WORK INSTRUCTION: With pictures omitted, restate the data word for word.

GIVEN RECORDS:
[Start of section]
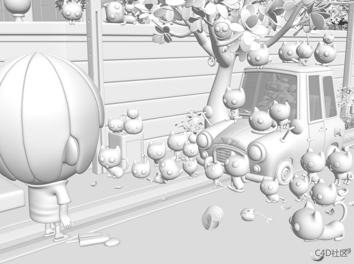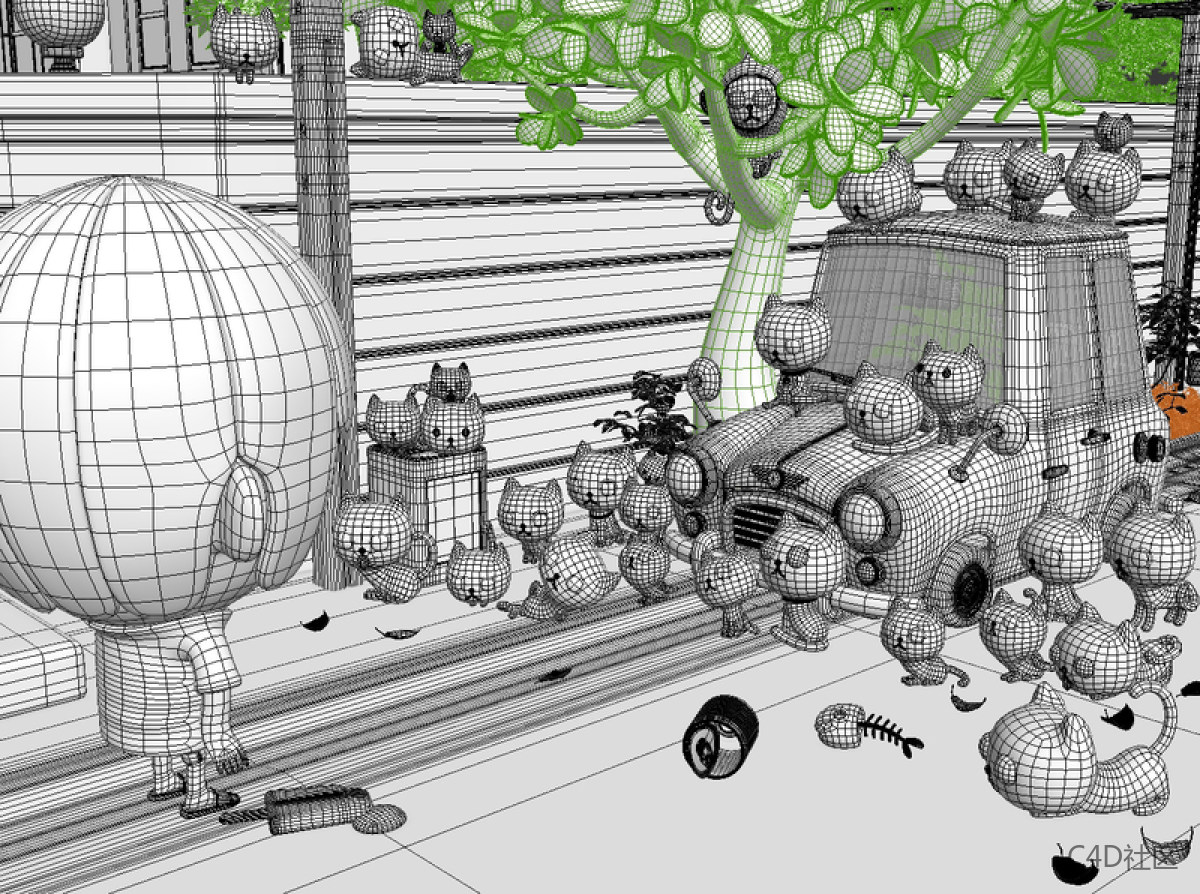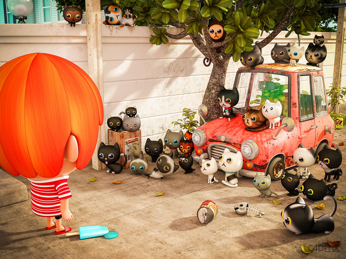 步骤03:构图场景是建立在我家附近的一个街区,是我生命中真实的故事。即使汽车残骸和猫群已经不存在,但在我的记忆中却是永恒的。这项工作需要耐心。对于树和背景,我使用基本的3ds Max工具来编辑多边形。 我把它们变成了SD(super-deformed是日本漫画的特定风格,其中人物以夸张的方式绘制,通常小而胖,具有粗短的四肢和超大头,使其类似小孩)风格,这对于这些模型来说并不困难。关于树上的小猴子,我总是在我的工作中显示他们,因为我出生在猴年。 猴子是我的象征性代表:顽皮,活跃,聪明,可爱。 此外,这意味着这项工作是基于我的现实生活。
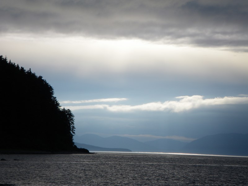 Nous nous levons de bonne heure pour profiter de la marée favorable. Après 7 heures à pagayer, nous sommes enfin au Point Adolphus. Il y a des dizaines de baleines. Nous les observons faire des dizaines bonds pendant uns heure. Très impressionnant. Elles retombent dans l'eau avec un bruit fracassant. De nombreux bateaux chargés de touristes tournent dans la zone. Nous montons le camp et allumons un feu. Puis les touristes s'en vont. Enfin les baleines que pour nous! Nous les rejoignons en kayak mais les lions de mer nous attaquent. Avec beaucoup de vigilance, nous pagayons parmi nos baleines pendant 30 minutes. Nous observons de nouveaux sauts (breaching) et elles frappent très souvent l'eau violemment avec leur queue (lobtailing). Nous rentrons car les lions de mer nous persécutent.
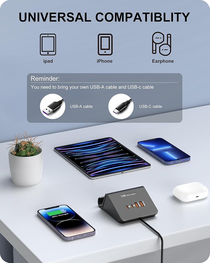 توافق واسع: تصميم محطة شحن USB لسطح المكتب في نوعين من منافذ الشحن، يوفر شحنًا سريعًا لجميع الأجهزة التي تعمل بالطاقة USB-C وUSB-A تقريبًا، من iPhone إلى Samsung والمزيد من أجهزة USB
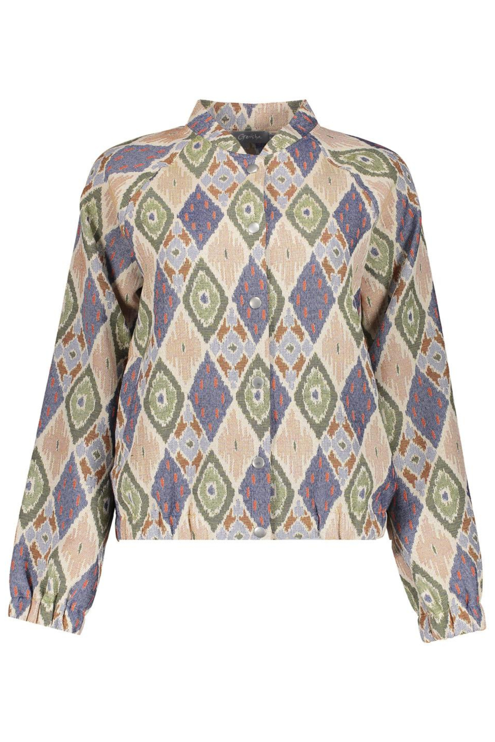 Deze casual damesjas van Geisha is een echte blikvanger in je garderobe. Gemaakt van een mix van 67% polyester en 33% katoen, biedt deze jas een duurzame en comfortabele pasvorm. Met zijn regelmatige pasvorm en lange mouwen, is deze jas ideaal voor de lente. De grafische print in stijlvolle kleuren zoals olijfgroen, indigo en zand geeft de jas een unieke uitstraling die makkelijk te combineren is met de rest van je kleding. Uitgerust met praktische steekzakken en een drukknoopsluiting, past deze Geisha jas perfect bij een relaxte, casual stijl. De ronde halslijn voegt een subtiele, vrouwelijke touch toe, terwijl de korte lengte een moderne flair geeft. Deze jas is perfect voor een informele dag in de stad of een ontspannen middag in het park. Of je nu een wandeling maakt of met vrienden afspreekt, deze jas maakt je look compleet en comfortabel. Meer informatie: De totale lengte is 53 cm bij maat S/36.
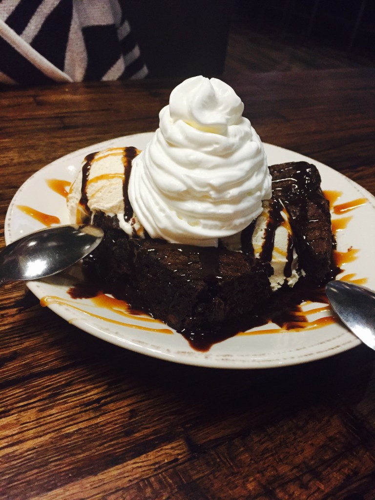 Fully prepared to find dessert elsewhere, our server asked if we’d be interested in fried cheesecake bites or brownies a la mode. Sticking to our rule – if they serve dessert, we’ll get it – we went with the brownies. Points for honesty, our server told us the brownies would take a bit to thaw from the freezer before they could make it. We allowed it, but made sure not to get our hopes up. With a pretty presentation of caramel and chocolate drizzles and swirls, the dessert rang as flat as the rest of the meal. It tried. But it didn’t succeed.
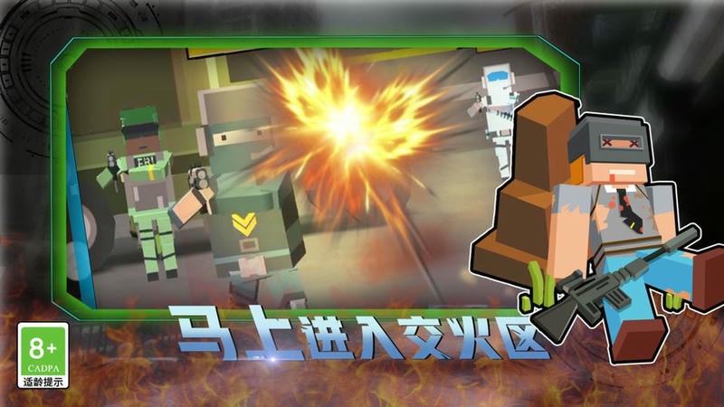 2、第一人称射击体验:以第一人称视角为核心,精准还原持枪瞄准、射击后坐力等细节,让玩家在像素世界中也能感受到真实枪战的操作手感与紧张。
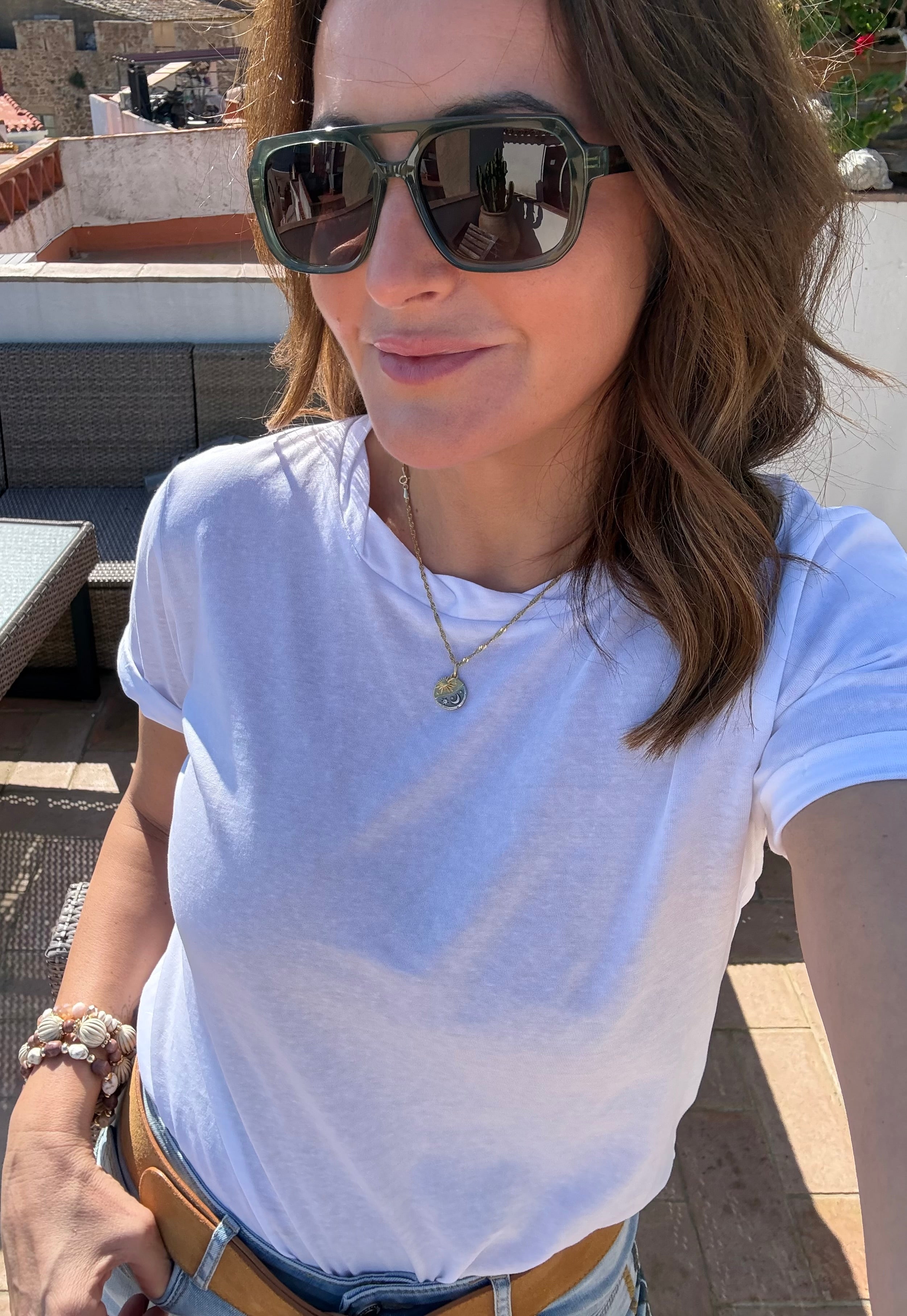 Gafas de sol en acetato de alta calidad con lentes polarizadas y diseño cuadrado marcado, elegante y atemporal. Disponibles en verde translúcido y marrón carey, dos tonos versátiles que elevan cualquier look. Cómodas, ligeras y con un estilo sofisticado perfecto para el día a día.
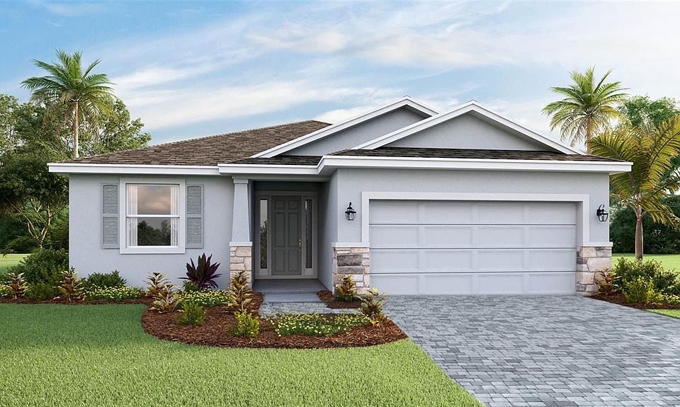 Under Construction. ALL CLOSING COSTS PAID & SPECIAL INTEREST RATES WITH OUR PREFERRED LENDER NOW UNTIL SEPTEMBER 28TH. This one-story, all concrete block constructed home has a truly open concept plan, featuring a spacious kitchen with a large quartz kitchen island that overlooks a large dining area, great room, and breakfast nook which flow out onto a covered lanai. The first phase of The Resort Club amenity center is NOW OPEN, including Trade Route Coffee Kitchen, Resort Style Pool, Fitness Center, Athletic Performance Center, and Pet Park. Future phases of The Resort Club will include a poolside bar & grill, outdoor activities area, The Event Center, and The Terrace Chef’s Patio. Future amenity centers, Adventure Retreat & Cabana Corner, will include Pickleball, Tennis & Bocce Courts, Pet Park, Golf Cart Parking, Sunset Terrace, Clubhouse, Resort Pool & Spa, Resistance Pool, Poolside Cabanas & Beach Area, Outdoor Activities Area, Poolside Grilling and more. This home comes with stainless steel dishwasher, range, and microwave. Pictures, photographs, colors, features, and sizes are for illustration purposes only and will vary from the homes as built. Home and community information including pricing, included features, terms, availability and amenities are subject to change and prior sale at any time without notice or obligation.
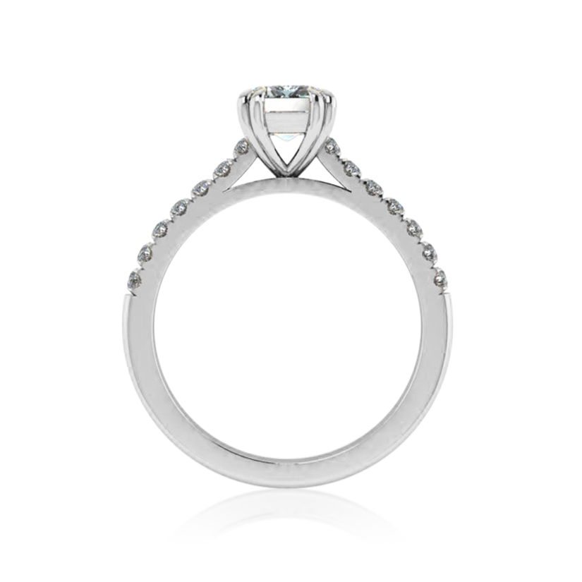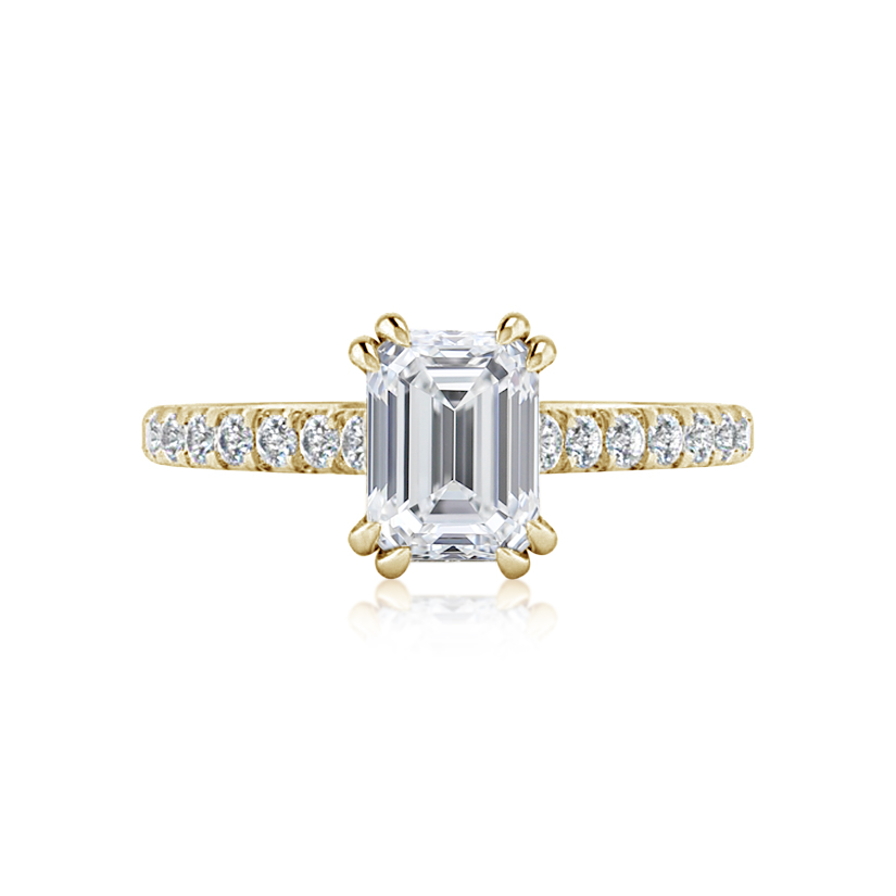 Double four claw setting holding emerald cut centre stone, cut down set diamond band
[End of section]
TASK RESPONSE:
 步骤03:构图场景是建立在我家附近的一个街区,是我生命中真实的故事。即使汽车残骸和猫群已经不存在,但在我的记忆中却是永恒的。这项工作需要耐心。对于树和背景,我使用基本的3ds Max工具来编辑多边形。 我把它们变成了SD(super-deformed是日本漫画的特定风格,其中人物以夸张的方式绘制,通常小而胖,具有粗短的四肢和超大头,使其类似小孩)风格,这对于这些模型来说并不困难。关于树上的小猴子,我总是在我的工作中显示他们,因为我出生在猴年。 猴子是我的象征性代表:顽皮,活跃,聪明,可爱。 此外,这意味着这项工作是基于我的现实生活。
 Nous nous levons de bonne heure pour profiter de la marée favorable. Après 7 heures à pagayer, nous sommes enfin au Point Adolphus. Il y a des dizaines de baleines. Nous les observons faire des dizaines bonds pendant uns heure. Très impressionnant. Elles retombent dans l'eau avec un bruit fracassant. De nombreux bateaux chargés de touristes tournent dans la zone. Nous montons le camp et allumons un feu. Puis les touristes s'en vont. Enfin les baleines que pour nous! Nous les rejoignons en kayak mais les lions de mer nous attaquent. Avec beaucoup de vigilance, nous pagayons parmi nos baleines pendant 30 minutes. Nous observons de nouveaux sauts (breaching) et elles frappent très souvent l'eau violemment avec leur queue (lobtailing). Nous rentrons car les lions de mer nous persécutent.
 توافق واسع: تصميم محطة شحن USB لسطح المكتب في نوعين من منافذ الشحن، يوفر شحنًا سريعًا لجميع الأجهزة التي تعمل بالطاقة USB-C وUSB-A تقريبًا، من iPhone إلى Samsung والمزيد من أجهزة USB
 Deze casual damesjas van Geisha is een echte blikvanger in je garderobe. Gemaakt van een mix van 67% polyester en 33% katoen, biedt deze jas een duurzame en comfortabele pasvorm. Met zijn regelmatige pasvorm en lange mouwen, is deze jas ideaal voor de lente. De grafische print in stijlvolle kleuren zoals olijfgroen, indigo en zand geeft de jas een unieke uitstraling die makkelijk te combineren is met de rest van je kleding. Uitgerust met praktische steekzakken en een drukknoopsluiting, past deze Geisha jas perfect bij een relaxte, casual stijl. De ronde halslijn voegt een subtiele, vrouwelijke touch toe, terwijl de korte lengte een moderne flair geeft. Deze jas is perfect voor een informele dag in de stad of een ontspannen middag in het park. Of je nu een wandeling maakt of met vrienden afspreekt, deze jas maakt je look compleet en comfortabel. Meer informatie: De totale lengte is 53 cm bij maat S/36.
 Fully prepared to find dessert elsewhere, our server asked if we’d be interested in fried cheesecake bites or brownies a la mode. Sticking to our rule – if they serve dessert, we’ll get it – we went with the brownies. Points for honesty, our server told us the brownies would take a bit to thaw from the freezer before they could make it. We allowed it, but made sure not to get our hopes up. With a pretty presentation of caramel and chocolate drizzles and swirls, the dessert rang as flat as the rest of the meal. It tried. But it didn’t succeed.
 2、第一人称射击体验:以第一人称视角为核心,精准还原持枪瞄准、射击后坐力等细节,让玩家在像素世界中也能感受到真实枪战的操作手感与紧张。
 Gafas de sol en acetato de alta calidad con lentes polarizadas y diseño cuadrado marcado, elegante y atemporal. Disponibles en verde translúcido y marrón carey, dos tonos versátiles que elevan cualquier look. Cómodas, ligeras y con un estilo sofisticado perfecto para el día a día.
 Under Construction. ALL CLOSING COSTS PAID & SPECIAL INTEREST RATES WITH OUR PREFERRED LENDER NOW UNTIL SEPTEMBER 28TH. This one-story, all concrete block constructed home has a truly open concept plan, featuring a spacious kitchen with a large quartz kitchen island that overlooks a large dining area, great room, and breakfast nook which flow out onto a covered lanai. The first phase of The Resort Club amenity center is NOW OPEN, including Trade Route Coffee Kitchen, Resort Style Pool, Fitness Center, Athletic Performance Center, and Pet Park. Future phases of The Resort Club will include a poolside bar & grill, outdoor activities area, The Event Center, and The Terrace Chef’s Patio. Future amenity centers, Adventure Retreat & Cabana Corner, will include Pickleball, Tennis & Bocce Courts, Pet Park, Golf Cart Parking, Sunset Terrace, Clubhouse, Resort Pool & Spa, Resistance Pool, Poolside Cabanas & Beach Area, Outdoor Activities Area, Poolside Grilling and more. This home comes with stainless steel dishwasher, range, and microwave. Pictures, photographs, colors, features, and sizes are for illustration purposes only and will vary from the homes as built. Home and community information including pricing, included features, terms, availability and amenities are subject to change and prior sale at any time without notice or obligation.
 Double four claw setting holding emerald cut centre stone, cut down set diamond band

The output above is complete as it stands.